METALS-Potential supply disruptions fuel copper's rise to 3-week high

* Premium for cash tin over 3-month jumps

* LME/ShFE arb: (Adds closing prices)

LONDON, May 2 (Reuters) - Copper prices hit a three-week high on Tuesday due to concerns about supply disruptions in Indonesia, but caution over slowing demand in top consumer China capped gains.

Benchmark copper on the London Metal Exchange, untraded in the rings, ended up 1.2 percent at $5,735.50 a tonne from an earlier $5,820 a tonne, its highest since April 10.

“The news about the strike in Indonesia at Grasberg has lifted prices,” said Julius Baer analyst Carsten Menke, adding that slowing activity in China’s manufacturing sector, a major source of demand for industrial metals, was a negative.

GRASBERG: Thousands of workers from the Indonesian unit of Freeport McMoRan Inc staged a rally near the Grasberg copper mine on Monday, protesting against layoffs by the miner due to a contract dispute with the government.

CHINA: China’s factory sector lost momentum in April, with growth slowing to its weakest pace in seven months as domestic and export demand faltered and commodity prices fell, a private survey showed on Tuesday.
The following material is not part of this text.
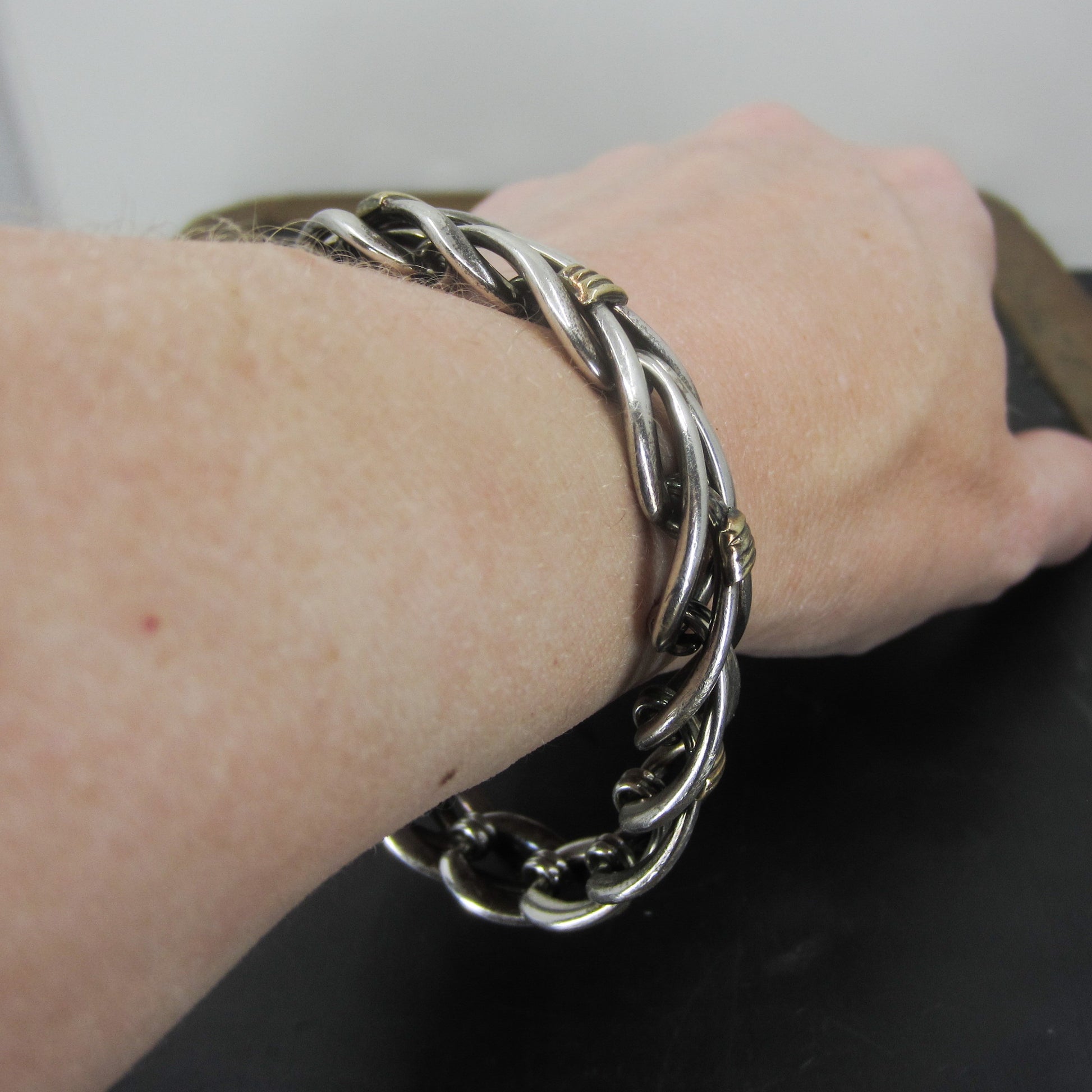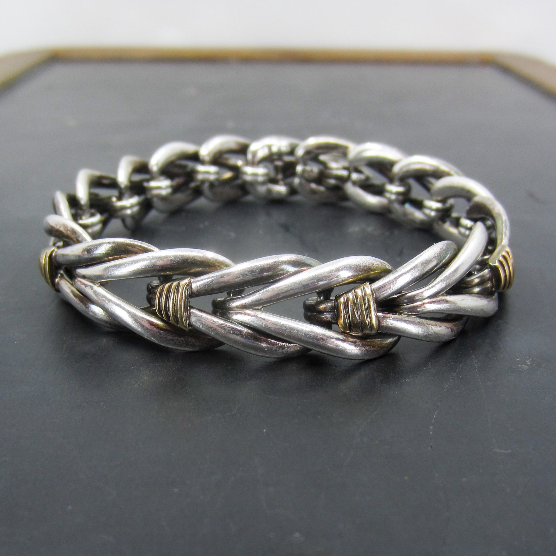SOLD--Vintage Chevron Link Bracelet Sterling/18k, French, Christofle c. 1970

LEAD: The price of lead was slightly weaker at $2,248 a tonne, but supported by worries about supplies on the LME market.

LEAD STOCKS: Latest data shows lead stocks in LME approved warehouses up 4,150 to 169,425 tonnes MPBSTX-TOTAL, but that total is still 10 percent below the level at the end of March.

LEAD WARRANTS: Cancelled warrants -- material earmarked for delivery and so not available to the market -- account for nearly half of total inventories. Traders are also watching a large position holding between 30 and 39 percent of warrants.

LEAD SPREADS: The premium, or backwardation, for cash metal over the three-month contract rose to $34.50 a tonne on Friday, its highest since late January MPB0-3.

LEAD DEMAND: “On the demand side, offtake remains strong on both sides of the Atlantic, with only limited signs of seasonal weakness,” INTL FCStone analyst Edward Meir said. “European battery demand is particularly good on account of strong vehicle sales. However, the Chinese market does not look as inspiring.”

TIN SPREADS: The premium for cash tin over the three-month rose to $90 a tonne MSN0-3 on Friday, its highest since March 21 as traders fretted about shortages on the LME market. Three-month tin rose 0.3 percent to $19,960 compared with an earlier $20,085, its highest since April 12.

TIN STOCKS: Inventories of tin in LME warehouses at 2,865 tonnes are less than half the 5,995 recorded on Feb. 16 and account for less than one percent of global consumption estimated at around 350,000 tonnes this year.

PRICES: Aluminium was up 0.9 percent at $1,929.50 and zinc added 1.2 percent to $2,655. Nickel was ended 0.7 percent higher at $9,515 a tonne.